EXERCISE GOAL: Don't include pictures. Quote the lines below from the first through the line that contains "Mr. Deko Strandkorb".

§

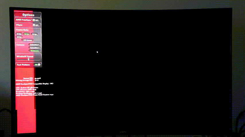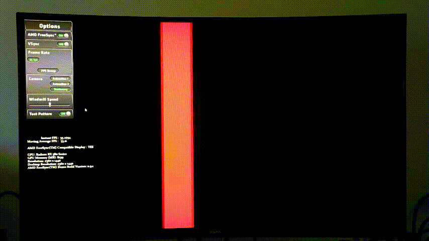 在开启FreeSync后可以看到能明显的降低撕裂和拖影。
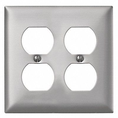 Duplex Receptacle Wall Plate Color Silver Material Aluminum Number of Gangs 2 Plate Size Standard Resistance Properties Chemical Resistant Finish Brushed Number of Outlet Openings 2 Number of Switch Openings 0 Outlet Orientation Vertical Overall Height 0.1 in Standards UL Listed Wall Plate Type Duplex Outlet Features Protective Film Helps to Prevent Scratches and Damage
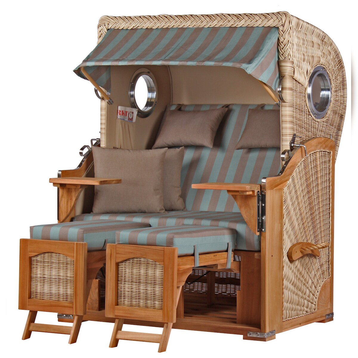 Mr. Deko Strandkorb Komplettset - bene living - Ammersee Teak - PE shell - Modell 520 - inkl. Liftersystem
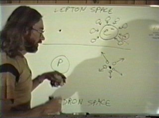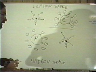 A quark is a collision cell of nuclear strings. The quark is like a big fat quanta that conserves three or more fundamental units of volume, it has some exotic properties. For one thing, it has to keep track of the energy and volume of three or more quanta mixing phases in it at different angles. That's a heck of a lot to keep track of with the simple forms the geometry has been developing up to now. Now, as a big fat quanta with a heck of a lot to keep track of, and a lot of energy, a depleted quanta may see it as something it can mix phases with. The quark disagrees, says "I got my hands full already, and I got more energy then I can find a place to put it. Here," says the quark, "take this and get away from me." The quark does mix phases briefly with the depleted quanta, long enough to shove it away. The process of shoving it away involves flipping both the internal arrows, momentum and angular momentum, and rotating it into the other domain. Actually, it could only flip one arrow and be forced to rotate the quanta's dimensions to prevent a violation in conservation of angular momentum... it depends on how the universe translates energy between domains. For example, is a right-handed hadron left-handed in lepton space? I don't know. Somehow, the quanta is translated between lepton space and hadron space, and it receives an energy boost from the quark in the process. The direction of the translation (lepton --> hadron) or (lepton <-- hadron) determines the polarity of the charge force. The charge force has a long range attraction between oppositely charged particles, as each particle drags space-time towards it from one domain and sources it in the opposite domain. As the opposite charges draw closer together, they start repelling each other, because the quanta they are kicking off start hitting the other particle directly, delivering their energy to each other via the charge couriers. There is nothing "virtual" about these depleted quanta, they are the fabric of space-time. So, the charge force has a long range and short range component, and it is a process of translating energy between the two domains of space-time. In this regard, the surface of a quark is like a magic mirror, or perhaps, a doorway. |
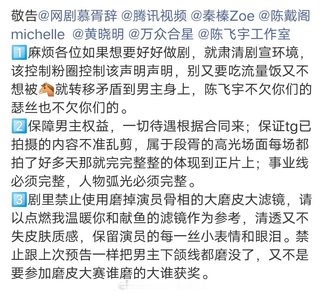 塑造好的剧宣环境,保障男主权益,拒绝大磨皮大滤镜
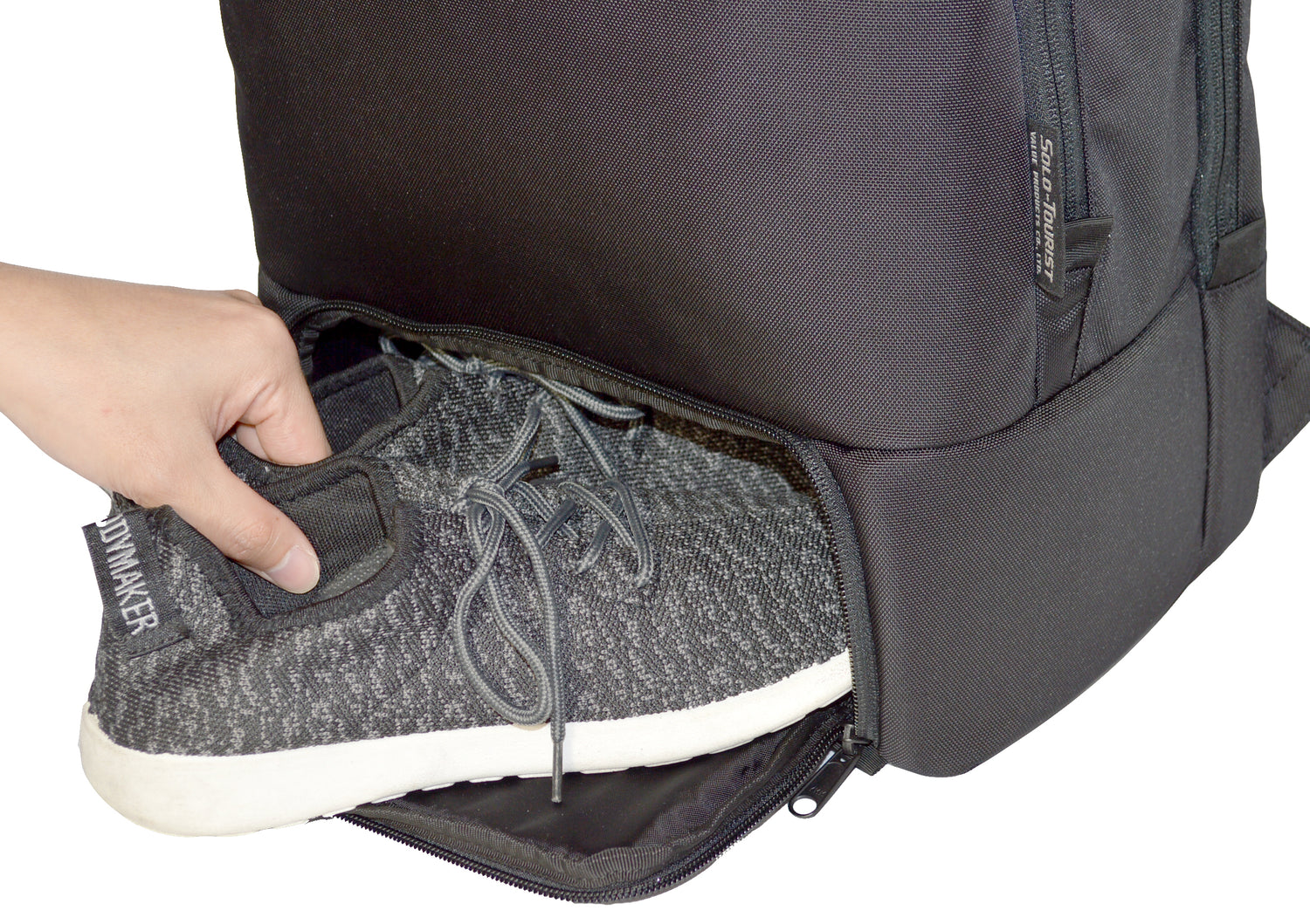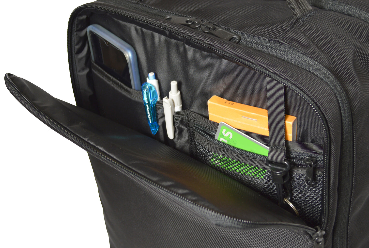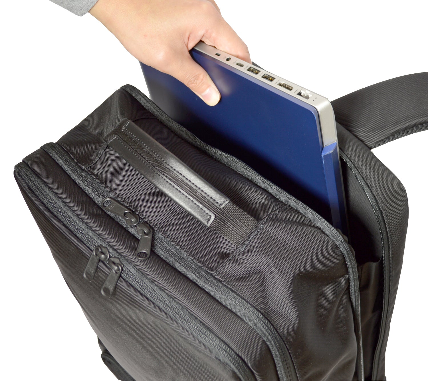 ファスナーポケットが計4個付いて、背面側のポケットには15.4インチPCの収納も可能です。天上から開閉のA4サイズが入る2個のポケットの下段には、表面から開閉の独立した下部ポケットが付いています。下部ポケットには弁当箱や着替えなどビジネスと関係しない荷物の収納に適しています。バッグ全体に裏生地との間にクッション性のあるスポンジを入れ、さらに独立した下部ポケットには硬くて薄いPVCボード入れて形を保持しています。他に文具入れポケット・キーホルダーが付いていて、把手には皮革を巻いています。
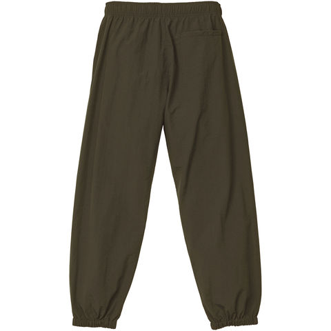 タフなナイロンをコットンのように加工して織り込んだ、やわらかな生地が魅力のトレーニングパンツ.ミリタリーのトレーニングパンツのルーズフィットなデザインを踏襲しつつ、横から見たときに膨らむようなバルーンシルエットとなるようにアジャストされたことで、流行りの大きめなトップスとの相性を最大まで引き出した魅力的なアイテムとなりました.プリントなどの加工がしやすいシンプルな縫製仕様に落とし込み、アパレルからスポーツのユニフォームまで、さまざまな用途に活用できるように企画.ブーム真っ只中のスニーカーやユーズドアイテムとの相性も抜群です.
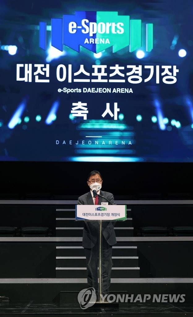 (서울=연합뉴스) 오영우 문화체육관광부 제1차관이 15일 대전 유성구 대전 이스포츠 경기장에서 열린 개장식에 참석해 축사하고 있다. 2021.9.15
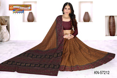 "Pure Cotton Muslin (Soft) Saree With Simple Print And Unique Big Border Blouse Pc Attached The Saree comes with the Traditional style Colour Mix in Soft Cotton Fabric along with highlighted designs printed on top and a Thick Zari Border all around.
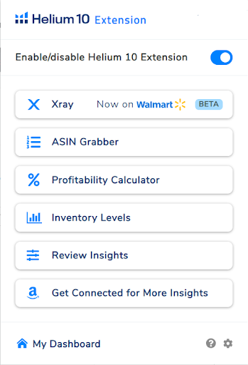 Helium 10 谷歌插件是一款安装在谷歌浏览器上面的工具,它的好处是简单快捷清晰的看到当前亚马逊和沃尔玛页面当中的产品销售表现,包括:产品的利润、FBA 费用、评论数据、库存等
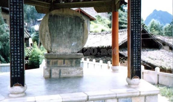 石鼓は、長江の上流で有名な小鎮で、鎮の中に漢白玉で彫刻した鼓の形のような石碑があるので、名付けられた。石碑の直径は1.5m、厚さ0.7m、碑亭で保護している。伝説によれば、三国の時代に諸葛亮は石鼓の近くで“五月に瀘江を渡る”、南中を平定した後、各部落を鎮めるためにこの石碑を建てた。鼓の側面に裂け目があり、民間の伝説によれば、世道が不穏で鼓が自分で裂け、太平の世石鼓鎮-麗江に自分で閉じる。1936年に紅軍長征もここから川を渡って北上した。
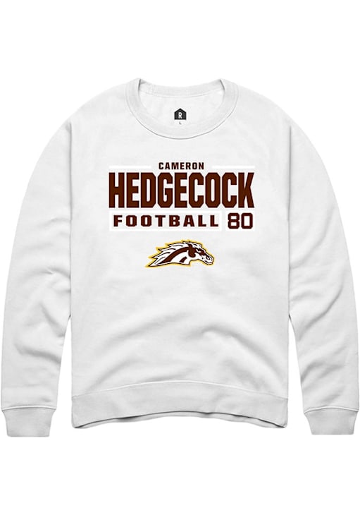 Cameron Hedgecock Rally Mens White Western Michigan Broncos Football NIL Stacked Box Crew Sweatshi..
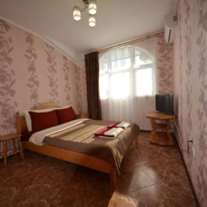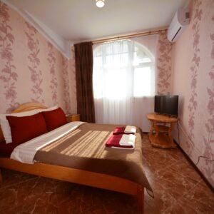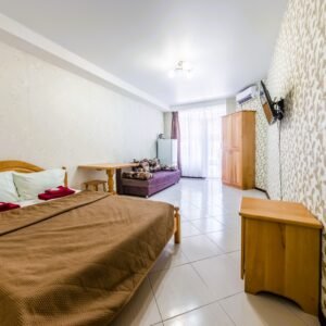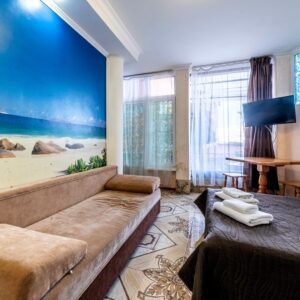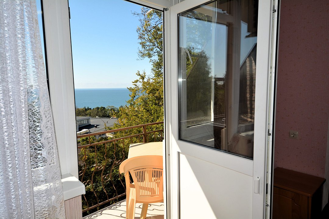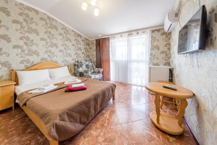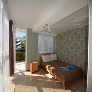 Однокомнатный номер с балконом и двуспальной кроватью. С балкона открывается красивый вид на море.В номере
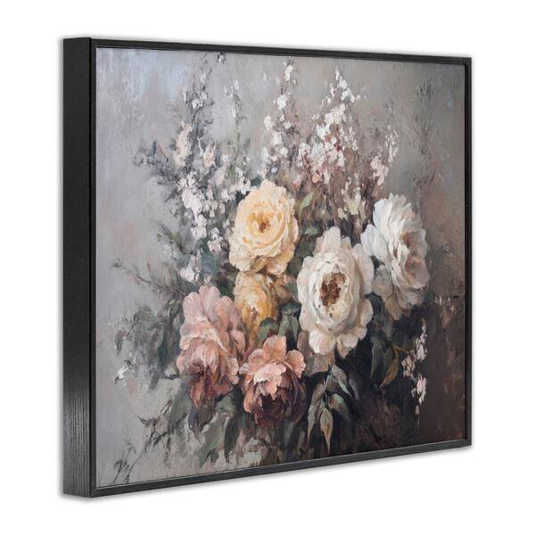 Roses & Peonies on Gray by Petal Prints Design Black Framed Nature Giclee Art Print 11 in. x 14 in.
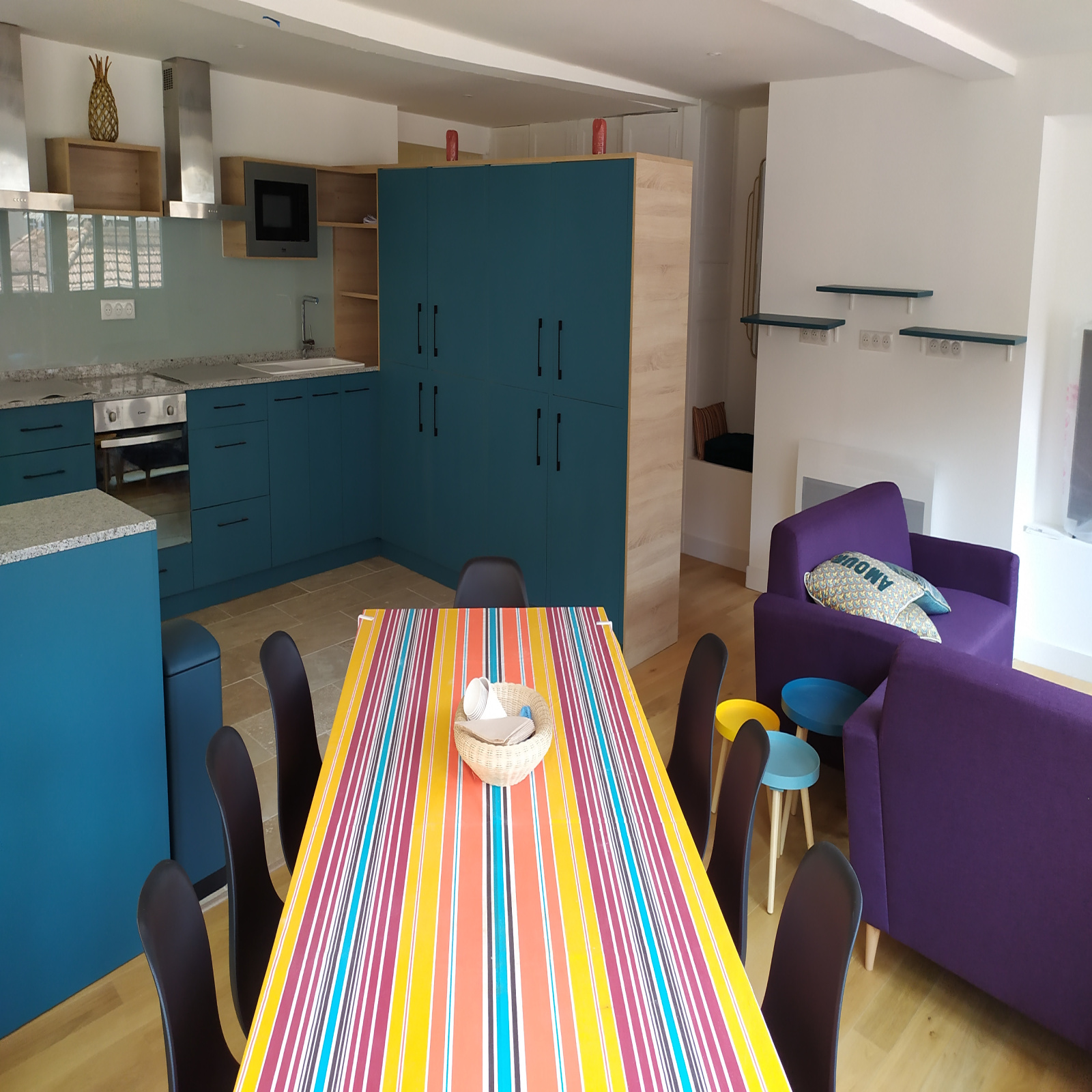 Une cuisine équipée avec réfrigérateur et placard indivuel, plaques de cuisson, lave-vaisselle et tout l'électroménager nécessaire. Mais aussi une buanderie avec machine à laver et séche-linge.
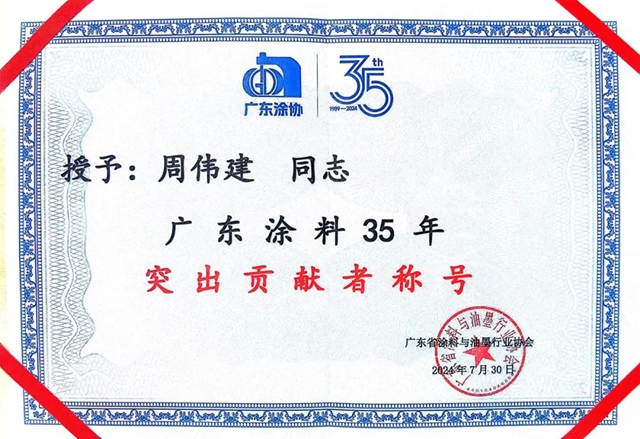 “广东涂料35年突出贡献者称号”

§

EXERCISE ANSWER:
 在开启FreeSync后可以看到能明显的降低撕裂和拖影。
 Duplex Receptacle Wall Plate Color Silver Material Aluminum Number of Gangs 2 Plate Size Standard Resistance Properties Chemical Resistant Finish Brushed Number of Outlet Openings 2 Number of Switch Openings 0 Outlet Orientation Vertical Overall Height 0.1 in Standards UL Listed Wall Plate Type Duplex Outlet Features Protective Film Helps to Prevent Scratches and Damage
 Mr. Deko Strandkorb Komplettset - bene living - Ammersee Teak - PE shell - Modell 520 - inkl. Liftersystem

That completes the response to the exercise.